Please see Essential revisions number 4 for our response regarding NTN1 expression in the cell lines. In addition, we performed immunohistochemistry for cleaved-caspase3, a marker of apoptosis but found very little apoptosis occurring in our cultures, and no difference in expression was observed between groups. We have included this new data in Supplementary figure 7I, addressed this in the text on page 18, and updated the methods (page 28), supplementary table 1 and raw data file to reflect this addition.

Reviewer #2:

This paper is the second in a series of landmark studies from the Richards lab that re-assess the molecular and cellular mechanisms that permit the corpus callosum (CC) to cross the interhemispheric midline in the telencephalon. The Richards lab previously showed key role for a specialized population of fetal astrocytes, the midline zipper glia (MZG), establishing this substrate when the MZG migrate into the interhemispheric fissure (IHF), intercalate with one another and degrade the intervening leptomeninges. In this manuscript, the authors now assess the requirement for the Ntn1/Dcc pathway in remodeling the IHF. In an elegant series of experiments, they shown that Ntn1/Dcc regulate the migration pathway of the MZG, potentially by directly controlling cytoskeletal dynamics. This mechanism is conserved between humans and rodents; the authors show that Dcc mutations that cause CC dysgenesis in humans, cause striking changes in the morphology of astroglial-like cells, consistent with the regulation of MZG migration. Thus, Dcc appears to have two roles first, remodeling the MGZ and then guiding CC axons towards the telencephalic midline. Together, these studies continue the overgoing re-evaluation of the role of netrin1/Dcc in establishing neural circuitry, and shed further understanding on a fascinating and beautiful piece of biology.

This is a very beautiful manuscript, the authors are to be congratulated for the very high quality of their images, and detailed quantifications. Would that all studies were so thorough! These studies will be of great interest to the developmental neuroscience research and clinical communities. I strongly support publication.

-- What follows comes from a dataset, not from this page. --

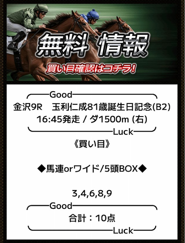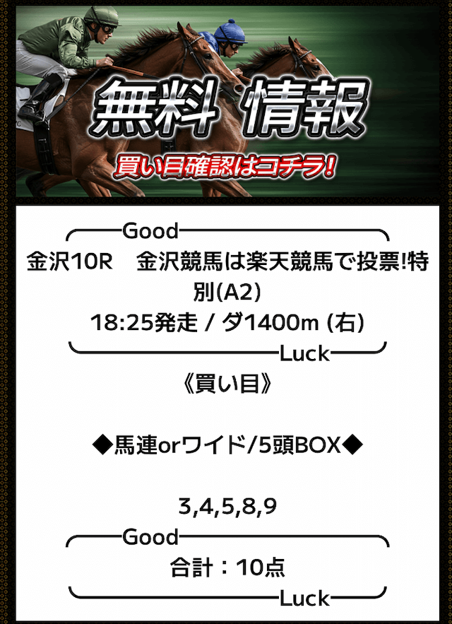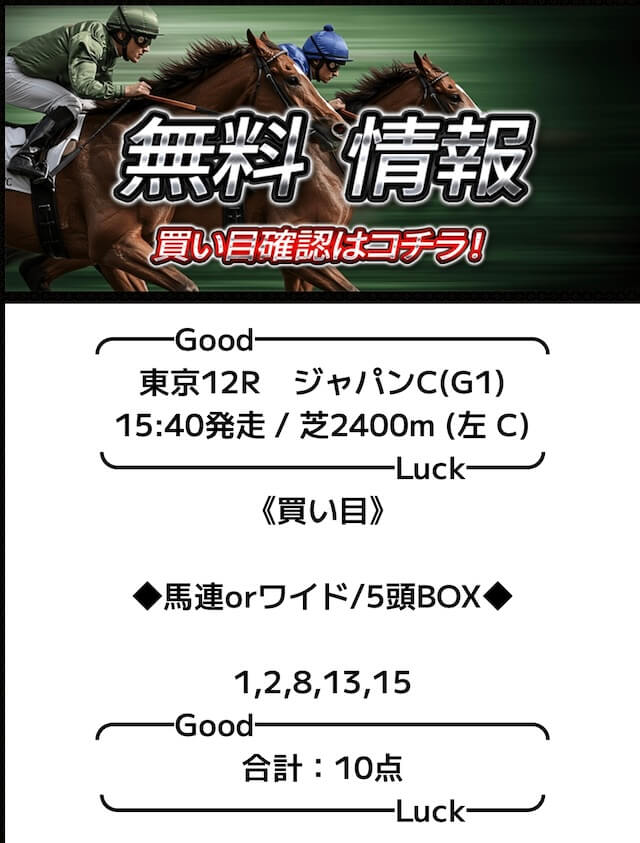 情報料金がちょっと高めなのがネック。その分しっかりした内容を期待したいところ。でも、有料予想が売り切れてることがあって、欲しいタイミングで買えないのはちょっと残念。もう少し買えるようにしてもらえると助かる。

The authors should be congratulated by including what was clearly a difficult conditional analysis to assess whether Dcc is required in the callosal axons, or in the MZG radial fibers. This analysis was confounded (a) by the low efficiency of the shRNA to knock down Dcc and (b) the mosaic nature of Emx::cre line, which appears to be variably expressing cre in both callosal neurons and MZG, given that TDT/Dcc are present in both axons (Figure 5B), and the MZG (Figure 5O) in the less severely affected animals.

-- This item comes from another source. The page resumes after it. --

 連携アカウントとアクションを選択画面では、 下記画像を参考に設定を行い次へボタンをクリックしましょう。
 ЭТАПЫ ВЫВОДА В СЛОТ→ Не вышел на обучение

As currently presented, however, the analysis (sadly) does not greatly add to the paper, since technical issues beyond the authors' control, have made it difficult to assess specifically where Dcc is required with much confidence. Would the authors could consider removing the shRNA approach from the manuscript, and re-focusing the cKO data on a description of a Dcc phenotypic series? This analysis might fit better with the initial description of lack of interhemispheric remodeling observed in Dcc/Ntn mutant mice, and how they relates to (variable?) phenotypes observed in patients.

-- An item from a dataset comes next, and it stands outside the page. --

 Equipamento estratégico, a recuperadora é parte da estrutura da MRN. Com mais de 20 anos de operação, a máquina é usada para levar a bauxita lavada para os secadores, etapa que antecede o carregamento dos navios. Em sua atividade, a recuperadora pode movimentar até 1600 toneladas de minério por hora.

Please see Essential revisions number 1 for our full response. The Results section entitled, ‘Variable DCC knockdown during midline development causes a spectrum of callosal phenotypes’, has been revised (page 14-18) to reduce the focus on cell autonomy. The text describing the shRNA approaches has been reduced considerably, shifting the focus to the cKO data as both reviewers suggested.